25.9.12

El fotógrafo del Ande

El fotógrafo del Ande

Por Edgardo Civallero

Se dice que el primer fotógrafo indígena de América Latina fue el peruano Martín Chambi, una verdadera leyenda en el oficio. Sin embargo, un contemporáneo de Chambi, con una habilidad sino mayor, quizás igual para retratar el modo de vida indígena de la Sierra peruana, fue Teófilo Hinostroza Irrazábal, prácticamente un desconocido hasta tiempos recientes.

Hinostroza nació en 1914 en Colcabamba (provincia de Tayacaja, departamento de Huancavelica). A los 15 años entró a trabajar de aprendiz en el estudio del fotógrafo Fortunato Pecho, en Huancayo. Sus trabajos eran de tan alto nivel, y su talento tan apreciado, que hacia 1937 decidió abrir su propio taller en la propia Huancayo. Tuvo tan buen recibimiento en la ciudad que terminó mudándose a la mismísima calle Real, en donde desarrolló toda su carrera.

El fotógrafo del Ande

Tiempo después empezó a viajar por la Sierra Central, haciendo fotos de paisajes, costumbres y tradiciones locales. Sus imágenes poseen una composición, un encuadre y una iluminación inigualables; tanto, que son muchos los que en la actualidad lo llaman "el Chambi del centro", pues el otro había recorrido únicamente el sur del Perú.
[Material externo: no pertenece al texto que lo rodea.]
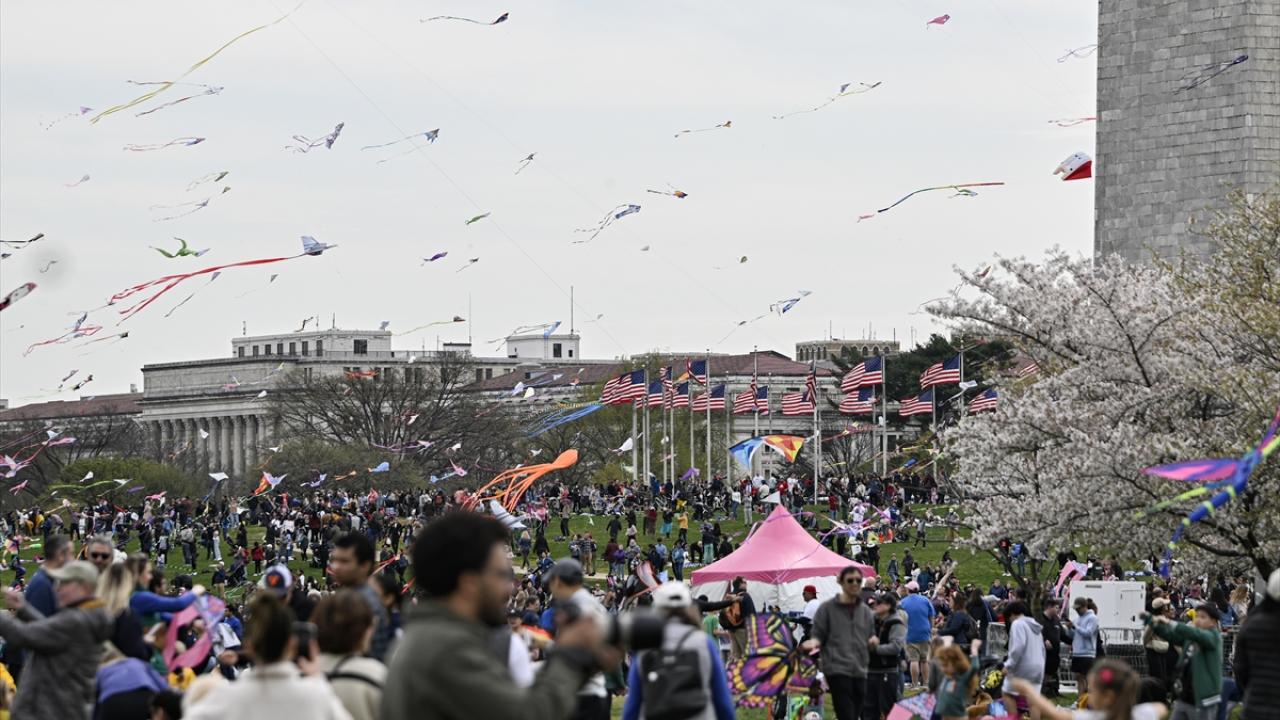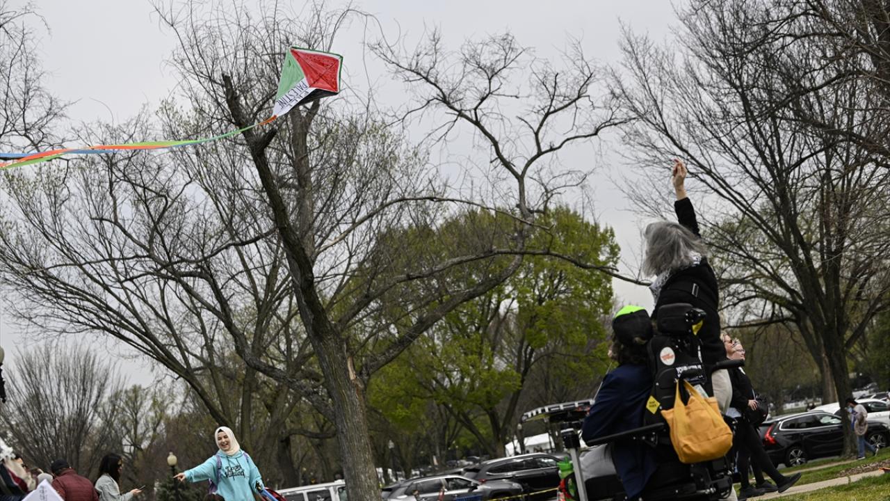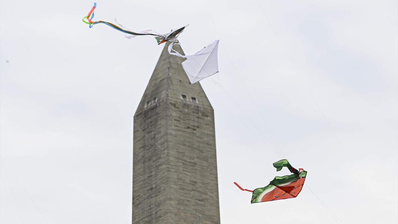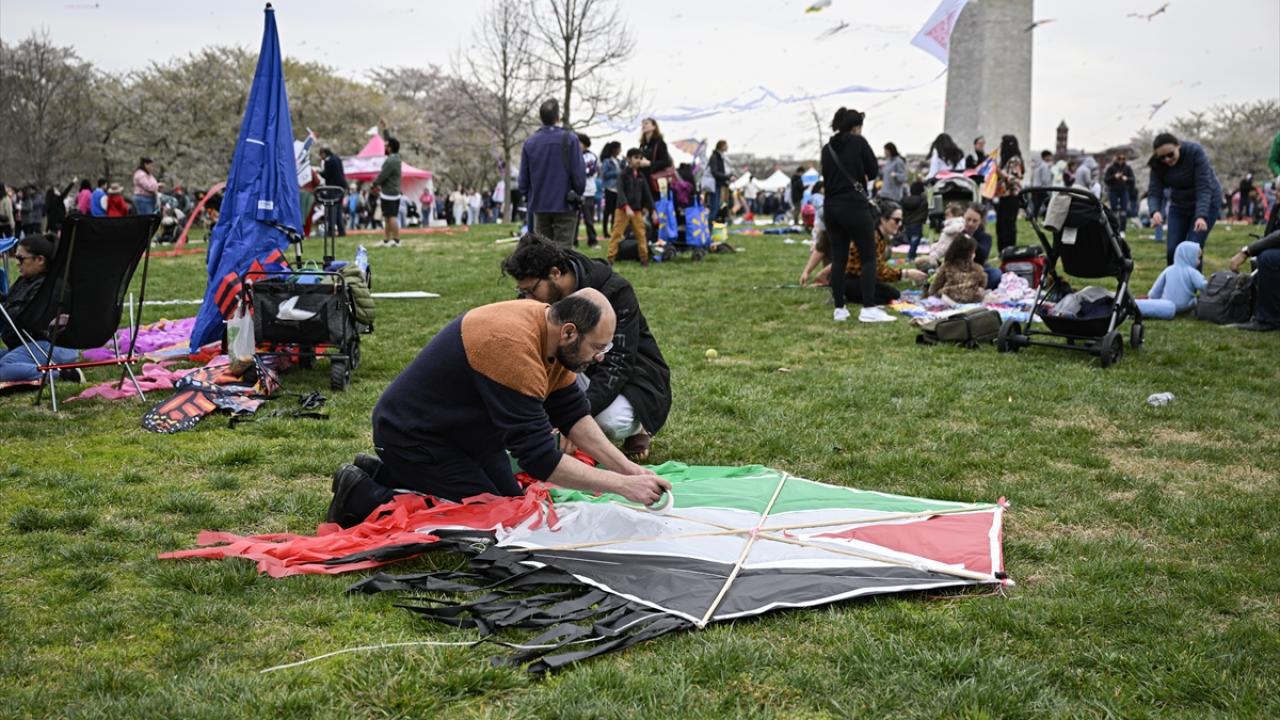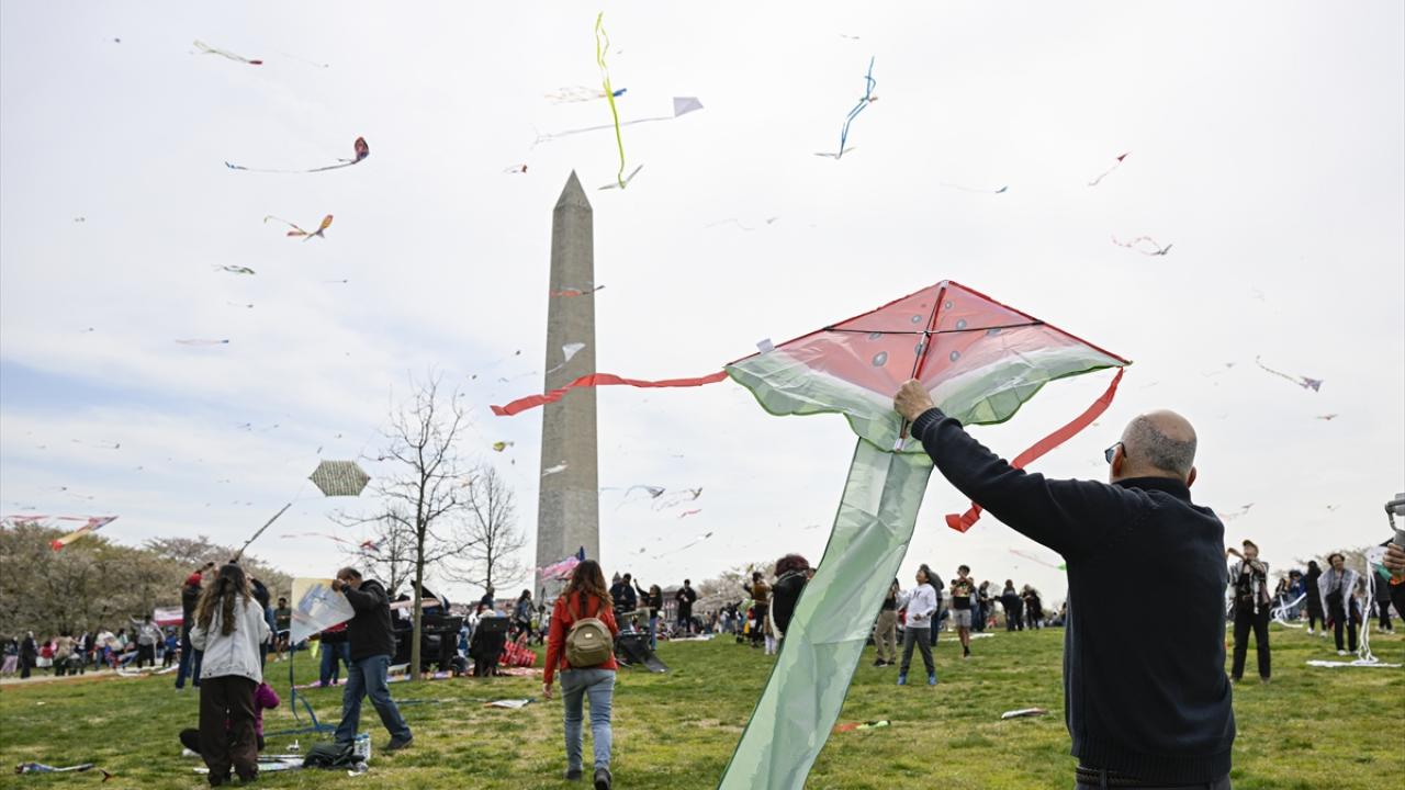 ABD’nin başkenti Washington’daki National Mall'da baharın gelişini kutlamak amacıyla gerçekleştirilen Ulusal Kiraz Çiçeği Uçurtma Festivaline vatandaşlar ilgi gösterdi. Festivale katılanlar Filistin’e destek vermek için Filistin bayrağı ve karpuz gibi çeşitli şekillerde uçurtmalarını uçurdu.

La colección de Hinostroza, con unos 10.000 negativos, fue "descubierta" por un fotógrafo belga residente en Perú, Servais Thissen, que se encontraba realizando un catálogo general de fotógrafos peruanos. El archivo fue cuidadosamente conservado por la familia de Hinostroza tras su muerte en 1991; Thissen lo empleó para dar dos exposiciones en 2007 y para publicar un libro titulado "El Perú profundo de Teófilo Hinostroza". Con ellos dio a conocer al gran público el trabajo del artista huancaíno.

El fotógrafo del Ande

Hinostroza también fue un eximio músico y compositor. Quenista desde los 5 años, fue profesor de música y danzas en la Universidad Nacional del Centro y director del Departamento de Música de la Casa de la Cultura de Huancayo. En 1975 la BBC difundió varias de sus interpretaciones. Con esta trayectoria, era de esperar que muchas de sus fotos estuvieran dedicadas a músicos y a instrumentos musicales. Por otro lado, registró varias películas documentales, todas ellas inéditas a excepción de una, "Tarpuy", que recoge la siembra de la papa en Ñahuinpuquio (Huancavelica) y que fue exhibida, por única vez, en el Museo Nacional de la Cultura Peruana.

El fotógrafo del Ande

Teófilo Hinostroza fue amigo del escritor peruano José María Arguedas. Así como el célebre literato pretendió retratar el Perú andino más profundo mediante palabras, Hinostroza lo intentó á través de fotografías. Y se propuso hacerlo rescatando el lado más bello y limpio de la vida campesina andina peruana. Algo que queda demostrado al comprobar que, si bien trabajó hasta entrados los años 80, en su archivo no se encuentran las imágenes de violencia terrorista y miseria tan habituales en las colecciones de otros fotógrafos. Para Hinostroza, como para muchos otros artistas, no hace falta revolver lodos y sombras para explorar el alma de un pueblo.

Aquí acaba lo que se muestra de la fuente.